Melissa Edgar shared this post via CopBlock.org’s submit page.
Date of Interaction: June 22, 2014
This weekend I attended Firefly music festival, and for the most part, I had a lovely time. Between waste management, EMS and Dover PD, I made sure to thank about a dozen men and women in uniform for working those days. Festivals are a nightmare for health and safety workers. You must have been exhausted. There must have been thousands of kids pushing the limits, kids who don’t understand that babysitting at Firefly is not what you signed up for. You must have been really pissed off.
That doesn’t make this okay. Nothing really would.

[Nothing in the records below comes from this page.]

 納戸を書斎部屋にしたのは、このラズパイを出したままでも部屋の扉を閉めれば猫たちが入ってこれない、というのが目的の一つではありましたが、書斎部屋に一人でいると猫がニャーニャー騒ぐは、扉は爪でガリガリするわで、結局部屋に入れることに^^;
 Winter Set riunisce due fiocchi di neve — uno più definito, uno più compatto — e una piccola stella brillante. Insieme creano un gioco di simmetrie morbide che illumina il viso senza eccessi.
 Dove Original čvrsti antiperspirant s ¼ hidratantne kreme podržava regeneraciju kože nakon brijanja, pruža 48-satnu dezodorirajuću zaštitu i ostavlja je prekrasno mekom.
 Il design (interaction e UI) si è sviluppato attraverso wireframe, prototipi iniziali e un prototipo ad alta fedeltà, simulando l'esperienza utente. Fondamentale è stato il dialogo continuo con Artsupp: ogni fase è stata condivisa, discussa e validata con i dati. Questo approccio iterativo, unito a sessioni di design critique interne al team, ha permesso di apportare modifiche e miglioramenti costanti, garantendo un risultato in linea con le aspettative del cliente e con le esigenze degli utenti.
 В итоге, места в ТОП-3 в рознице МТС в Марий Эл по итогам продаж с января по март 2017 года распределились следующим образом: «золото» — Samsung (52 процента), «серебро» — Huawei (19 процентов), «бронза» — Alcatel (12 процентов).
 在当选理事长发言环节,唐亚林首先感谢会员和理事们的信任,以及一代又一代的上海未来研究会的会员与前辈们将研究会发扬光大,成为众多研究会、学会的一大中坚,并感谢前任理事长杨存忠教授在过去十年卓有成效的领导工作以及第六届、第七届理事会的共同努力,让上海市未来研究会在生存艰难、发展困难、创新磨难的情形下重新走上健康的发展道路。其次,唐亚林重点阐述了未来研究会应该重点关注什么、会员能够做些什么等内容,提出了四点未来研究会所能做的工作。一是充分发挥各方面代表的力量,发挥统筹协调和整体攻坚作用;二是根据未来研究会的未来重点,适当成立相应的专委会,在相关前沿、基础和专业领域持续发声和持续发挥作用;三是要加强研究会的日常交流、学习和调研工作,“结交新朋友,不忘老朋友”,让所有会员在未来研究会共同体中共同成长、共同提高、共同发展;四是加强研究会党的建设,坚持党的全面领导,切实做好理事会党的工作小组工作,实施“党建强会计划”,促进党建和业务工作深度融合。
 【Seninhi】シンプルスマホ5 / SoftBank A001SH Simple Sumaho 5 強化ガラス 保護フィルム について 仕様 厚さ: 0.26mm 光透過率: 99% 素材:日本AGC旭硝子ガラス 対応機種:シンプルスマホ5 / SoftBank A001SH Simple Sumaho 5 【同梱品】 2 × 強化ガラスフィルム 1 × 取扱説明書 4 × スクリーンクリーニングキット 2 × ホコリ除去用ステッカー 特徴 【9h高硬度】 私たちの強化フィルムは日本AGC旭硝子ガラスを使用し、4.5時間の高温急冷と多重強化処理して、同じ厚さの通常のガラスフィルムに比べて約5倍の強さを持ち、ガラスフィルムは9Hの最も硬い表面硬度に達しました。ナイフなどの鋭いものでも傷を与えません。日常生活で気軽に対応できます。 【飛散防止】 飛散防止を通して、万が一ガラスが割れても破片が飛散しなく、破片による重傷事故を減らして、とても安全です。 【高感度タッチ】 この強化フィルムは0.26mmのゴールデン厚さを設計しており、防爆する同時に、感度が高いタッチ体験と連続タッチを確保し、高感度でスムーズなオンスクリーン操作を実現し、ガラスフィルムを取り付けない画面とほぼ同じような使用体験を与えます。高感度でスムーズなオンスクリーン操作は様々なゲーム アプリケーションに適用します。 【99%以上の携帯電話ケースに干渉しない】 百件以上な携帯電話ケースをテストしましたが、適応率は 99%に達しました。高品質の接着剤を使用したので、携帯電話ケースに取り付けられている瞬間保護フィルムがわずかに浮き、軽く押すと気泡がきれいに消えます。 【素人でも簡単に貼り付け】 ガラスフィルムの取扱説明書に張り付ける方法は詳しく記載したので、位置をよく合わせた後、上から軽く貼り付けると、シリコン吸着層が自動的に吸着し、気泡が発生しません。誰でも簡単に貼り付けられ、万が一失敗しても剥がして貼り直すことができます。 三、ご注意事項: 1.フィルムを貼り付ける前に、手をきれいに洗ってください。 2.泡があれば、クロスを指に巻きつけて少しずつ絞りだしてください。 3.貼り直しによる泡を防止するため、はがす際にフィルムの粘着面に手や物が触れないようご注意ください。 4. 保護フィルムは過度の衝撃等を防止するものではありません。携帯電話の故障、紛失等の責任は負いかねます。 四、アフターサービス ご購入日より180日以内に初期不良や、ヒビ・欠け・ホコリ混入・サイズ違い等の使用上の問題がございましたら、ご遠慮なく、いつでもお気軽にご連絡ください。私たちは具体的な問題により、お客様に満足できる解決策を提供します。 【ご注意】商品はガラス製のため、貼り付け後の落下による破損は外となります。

Around 1:30 AM on Sunday, you and a few other officers were breaking up an altercation between two young black females outside of “The Hub.” The women had been separated and cuffed, and yes, they were saying nasty things to each other.
I don’t know if you remember what you said. Maybe you’re thinking, “That sounds like something I would say.” Maybe more than one Dover officer is thinking that.
In a uniform that is supposed to distinguish you with excellence as a protector, you said, “You’re the most ghetto piece of shit I’ve ever seen.” Those are the only words I heard you say. Perhaps you were in “rare form,” but I really doubt it.
Ghetto: a section of a city, especially a thickly populated slum area, inhabited predominantly by members of an ethnic or other minority group, often as a result of social or economic restrictions, pressures, or hardships.
Read it again. Consider for ten full Mississippi-seconds if that should come out of an educated adult’s mouth with your chosen connotation. Now, accept my biased certainty that you are not better than the woman you spat that phrase at.
Accept that you embarrassed your badge. Accept that those words did nothing to help, and if your boys in blue weren’t holding them, you may as well have been pulling hair with the ladies. Most of all, accept that you are not tough. Authority is not built on raised voices and name calling.
To anyone reading this: You are not a public nuisance for expecting justice and accountability from your government. You have the right to record police officers on duty, as they are public servants with no reasonable expectation of privacy. You have a civic duty to speak up about abuses of power, as well as cooperate with officers who are enforcing just laws. Some things are unacceptable, and doing something about it is better than doing nothing.
So Officer, I just thought I’d let you know: We’re paying attention.
And pardon me sir, but you looked like an asshole.